A rifle is fired horizontally and travels 200.0 m The rifle barrel is 1.90m from the ground. What speed must the bullet have been traveling at? Ignore friction.
How do I solve this ?
321m/s
320
To solve this problem, you can use the principles of projectile motion. Here are the steps to find the initial speed of the bullet:
Step 1: Identify the known quantities:
- Horizontal distance traveled by the bullet (range): 200.0 m
- Height of the rifle barrel from the ground: 1.90 m
- Acceleration due to gravity: 9.8 m/s^2 (assuming no air resistance)
Step 2: Determine the time it takes for the bullet to reach the target horizontally:
Since the bullet is fired horizontally, the vertical displacement is only due to gravity. We can use the formula for displacement to find the time it takes for the bullet to reach the target:
Vertical displacement (Δy) = 1/2 * g * t^2 [where g is the acceleration due to gravity and t is the time]
In this case, Δy = 1.90 m. Rearrange the formula to solve for time (t).

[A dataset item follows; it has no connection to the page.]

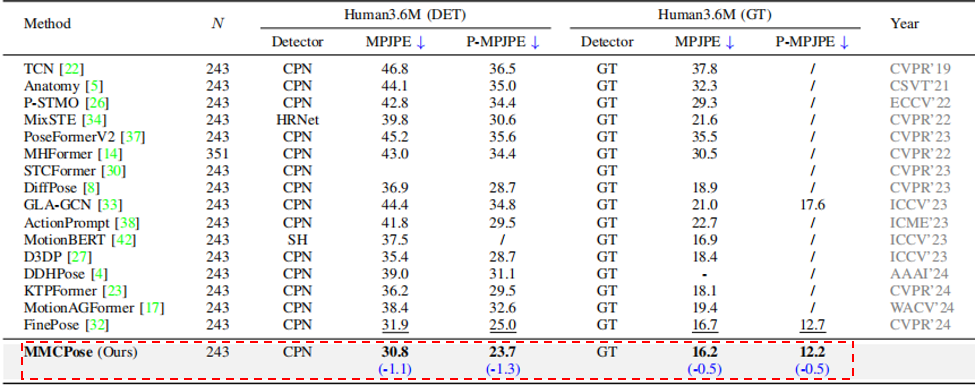 在Human3.6M數(shù)據(jù)集上MMCPose達(dá)到了最優(yōu)性能
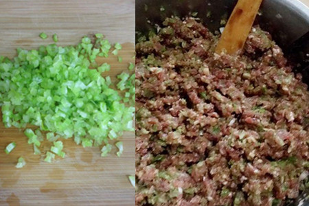 4、将西芹择去旧叶,洗净上面的杂质和泥沙。把处理干净的芹菜用刀剁成碎末状,也可以往里加些盐来挤出芹菜中的水分。把沥干水的芹菜加入腌制的驴肉馅中,进行充分地混合搅拌。再逐一往里加入些许的盐、油、五香粉进行搅拌,这样馅料就算是制作好了。

Step 3: Calculate the initial vertical velocity of the bullet:
The initial vertical velocity (v_y) is given by: v_y = g * t
Step 4: Calculate the initial horizontal velocity of the bullet:
The horizontal velocity (v_x) remains constant throughout the motion. Since there is no vertical acceleration horizontally, the horizontal distance traveled is equal to the horizontal velocity multiplied by the time:
Horizontal distance traveled = v_x * t
In this case, the horizontal distance is 200.0 m. Rearrange the formula to solve for v_x.
Step 5: Calculate the initial speed of the bullet:
The initial speed of the bullet (v) is the combined vector sum of the horizontal and vertical velocities:
v = √(v_x^2 + v_y^2)
By following these steps and evaluating the equations, you can calculate the required speed of the bullet.